The present investigation was a pilot study, and a larger scale investigation is under way in our group to confirm these pilot results. While many initial scans took place within the first week, many occurred several days after injury. The heterogeneity in the interval from injury to first scan may confound results, as it is possible that FLAIR lesions increase in conspicuity over time. In order to establish the utility of MRI as a biomarker in clinical trials, scans obtained within 24h of injury must be studied. Furthermore, neuropathologic studies are needed to correlate the cellular and tissue abnormalities with lesions detected by MRI.
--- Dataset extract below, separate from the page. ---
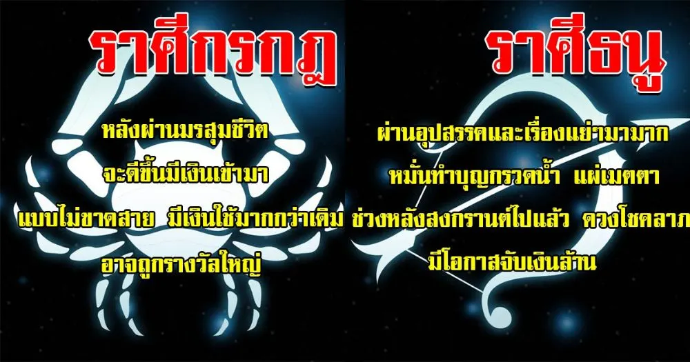 สำหรับราศีนี้เขาบอกว่าถึงคุณจะผ่านอะไรมาเรื่องราวต่างๆ แย่ขนาดไหน ก็ให้คุณเชื่อมั่นในความดีของตัวเอง เพราะความดีเนี่ยหละกำลังจะส่งผลให้เรื่องราวดีๆ เข้ามาหาตัวคุณ โดยเฉพาะเรื่องโชคลาภ มีเกณฑ์จะถูกหวยเงินล้านเลยก็ว่าได้ ดังนั้นจงเชื่อมั่นตัวเองทำบุญต่อไป หรือช่วงไหนที่คิดว่าอารมร์ดีๆ ปลอดโปร่ง ลองเสี่ยงโชคกันสักใบ ไม่แน่นะคุณอาจกลายเป็นเศรษฐีแบบไม่ทันตั้งตัวรับสงกรานต์เลยก็ว่าได้

The present study provides in vivo evidence of pathological change of DAI after TBI. It demonstrates a strong association between post-traumatic cerebral atrophy and DAI. The strategy presented in this study could be a practical method to monitor the efficacy of DAI-directed therapies in future clinical trials.
The present study was supported by the U.S. Department of Education (grant NIDRR H133 A020526) and the National Institutes of Health (grants NIH R01 HD48179 and NIH U01 HD42652).
No competing financial interests exist.